ASSIGNMENT:
Send back the data below exactly. Drop every picture.

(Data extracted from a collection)
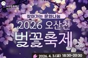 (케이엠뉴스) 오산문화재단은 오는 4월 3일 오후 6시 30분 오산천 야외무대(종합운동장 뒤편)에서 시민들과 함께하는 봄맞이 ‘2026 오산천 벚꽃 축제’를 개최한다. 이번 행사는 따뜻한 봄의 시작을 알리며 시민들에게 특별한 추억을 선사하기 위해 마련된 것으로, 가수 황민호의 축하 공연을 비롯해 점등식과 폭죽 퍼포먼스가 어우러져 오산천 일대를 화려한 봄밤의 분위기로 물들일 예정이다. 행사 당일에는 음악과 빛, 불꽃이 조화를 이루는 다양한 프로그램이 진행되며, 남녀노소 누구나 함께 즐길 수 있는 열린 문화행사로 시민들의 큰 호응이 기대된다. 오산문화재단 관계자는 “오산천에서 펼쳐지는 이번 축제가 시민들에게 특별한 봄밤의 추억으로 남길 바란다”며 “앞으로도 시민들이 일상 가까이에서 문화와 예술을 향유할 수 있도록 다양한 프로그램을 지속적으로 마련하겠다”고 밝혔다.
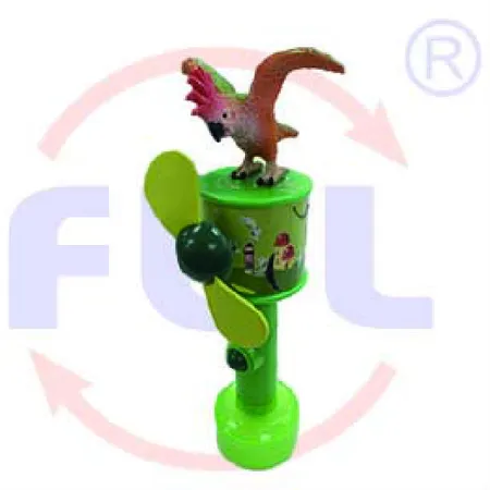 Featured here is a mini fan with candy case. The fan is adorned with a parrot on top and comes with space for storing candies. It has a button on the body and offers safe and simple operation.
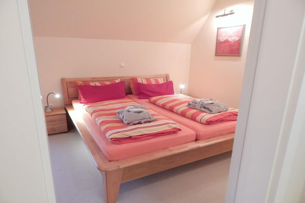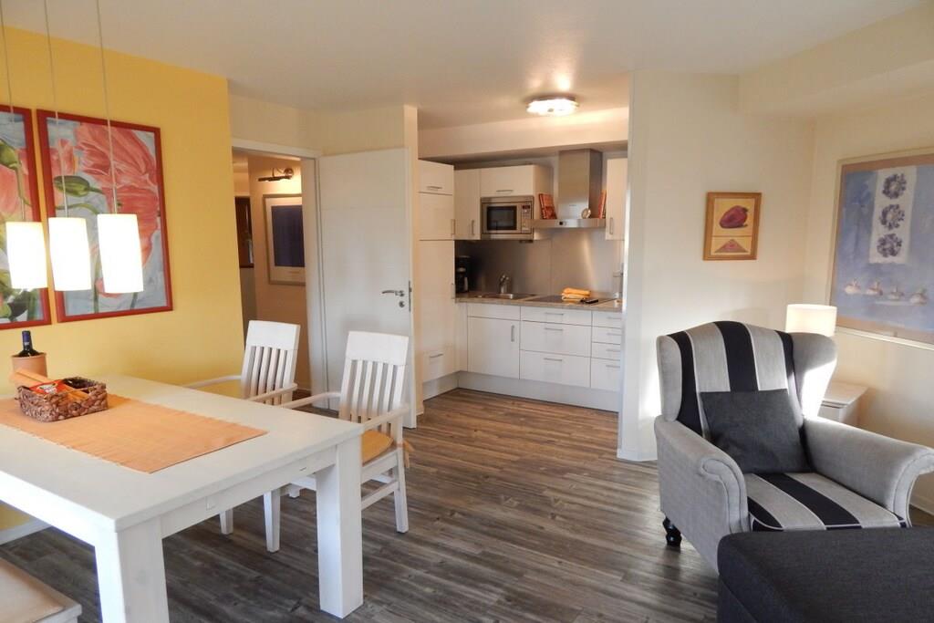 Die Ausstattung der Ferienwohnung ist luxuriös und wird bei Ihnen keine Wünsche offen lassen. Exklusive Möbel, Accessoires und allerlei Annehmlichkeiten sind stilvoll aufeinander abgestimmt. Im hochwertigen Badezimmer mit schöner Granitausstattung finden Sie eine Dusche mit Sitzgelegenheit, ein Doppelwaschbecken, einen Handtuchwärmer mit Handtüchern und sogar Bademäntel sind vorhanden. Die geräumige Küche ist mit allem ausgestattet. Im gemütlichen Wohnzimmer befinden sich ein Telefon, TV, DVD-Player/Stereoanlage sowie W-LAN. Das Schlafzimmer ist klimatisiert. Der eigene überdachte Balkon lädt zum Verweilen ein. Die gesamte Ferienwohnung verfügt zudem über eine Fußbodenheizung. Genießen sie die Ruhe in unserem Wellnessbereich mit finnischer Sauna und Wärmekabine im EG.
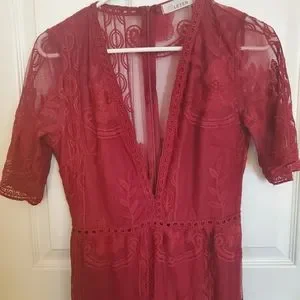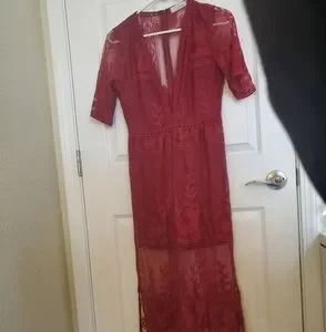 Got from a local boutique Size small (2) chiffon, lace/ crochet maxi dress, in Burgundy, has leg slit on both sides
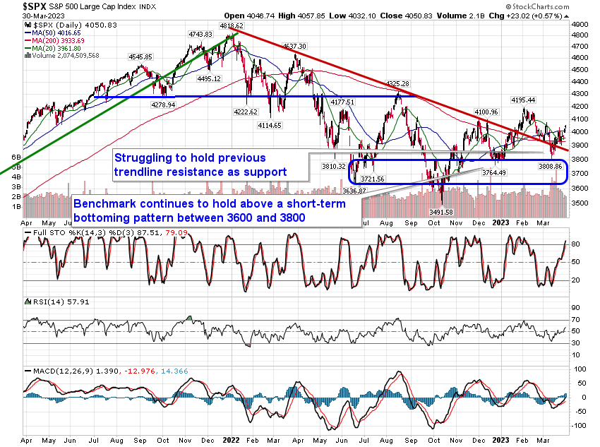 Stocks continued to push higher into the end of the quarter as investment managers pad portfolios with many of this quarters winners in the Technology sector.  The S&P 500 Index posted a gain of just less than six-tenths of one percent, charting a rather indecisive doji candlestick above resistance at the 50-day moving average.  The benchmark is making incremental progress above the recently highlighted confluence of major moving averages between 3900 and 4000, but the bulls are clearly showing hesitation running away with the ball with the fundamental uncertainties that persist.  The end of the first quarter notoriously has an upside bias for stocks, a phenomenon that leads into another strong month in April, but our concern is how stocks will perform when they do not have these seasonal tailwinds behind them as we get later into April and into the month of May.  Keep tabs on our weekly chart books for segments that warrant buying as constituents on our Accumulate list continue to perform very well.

WRITTEN RESPONSE:
 (케이엠뉴스) 오산문화재단은 오는 4월 3일 오후 6시 30분 오산천 야외무대(종합운동장 뒤편)에서 시민들과 함께하는 봄맞이 ‘2026 오산천 벚꽃 축제’를 개최한다. 이번 행사는 따뜻한 봄의 시작을 알리며 시민들에게 특별한 추억을 선사하기 위해 마련된 것으로, 가수 황민호의 축하 공연을 비롯해 점등식과 폭죽 퍼포먼스가 어우러져 오산천 일대를 화려한 봄밤의 분위기로 물들일 예정이다. 행사 당일에는 음악과 빛, 불꽃이 조화를 이루는 다양한 프로그램이 진행되며, 남녀노소 누구나 함께 즐길 수 있는 열린 문화행사로 시민들의 큰 호응이 기대된다. 오산문화재단 관계자는 “오산천에서 펼쳐지는 이번 축제가 시민들에게 특별한 봄밤의 추억으로 남길 바란다”며 “앞으로도 시민들이 일상 가까이에서 문화와 예술을 향유할 수 있도록 다양한 프로그램을 지속적으로 마련하겠다”고 밝혔다.
 Featured here is a mini fan with candy case. The fan is adorned with a parrot on top and comes with space for storing candies. It has a button on the body and offers safe and simple operation.
 Die Ausstattung der Ferienwohnung ist luxuriös und wird bei Ihnen keine Wünsche offen lassen. Exklusive Möbel, Accessoires und allerlei Annehmlichkeiten sind stilvoll aufeinander abgestimmt. Im hochwertigen Badezimmer mit schöner Granitausstattung finden Sie eine Dusche mit Sitzgelegenheit, ein Doppelwaschbecken, einen Handtuchwärmer mit Handtüchern und sogar Bademäntel sind vorhanden. Die geräumige Küche ist mit allem ausgestattet. Im gemütlichen Wohnzimmer befinden sich ein Telefon, TV, DVD-Player/Stereoanlage sowie W-LAN. Das Schlafzimmer ist klimatisiert. Der eigene überdachte Balkon lädt zum Verweilen ein. Die gesamte Ferienwohnung verfügt zudem über eine Fußbodenheizung. Genießen sie die Ruhe in unserem Wellnessbereich mit finnischer Sauna und Wärmekabine im EG.
 Got from a local boutique Size small (2) chiffon, lace/ crochet maxi dress, in Burgundy, has leg slit on both sides
 Stocks continued to push higher into the end of the quarter as investment managers pad portfolios with many of this quarters winners in the Technology sector.  The S&P 500 Index posted a gain of just less than six-tenths of one percent, charting a rather indecisive doji candlestick above resistance at the 50-day moving average.  The benchmark is making incremental progress above the recently highlighted confluence of major moving averages between 3900 and 4000, but the bulls are clearly showing hesitation running away with the ball with the fundamental uncertainties that persist.  The end of the first quarter notoriously has an upside bias for stocks, a phenomenon that leads into another strong month in April, but our concern is how stocks will perform when they do not have these seasonal tailwinds behind them as we get later into April and into the month of May.  Keep tabs on our weekly chart books for segments that warrant buying as constituents on our Accumulate list continue to perform very well.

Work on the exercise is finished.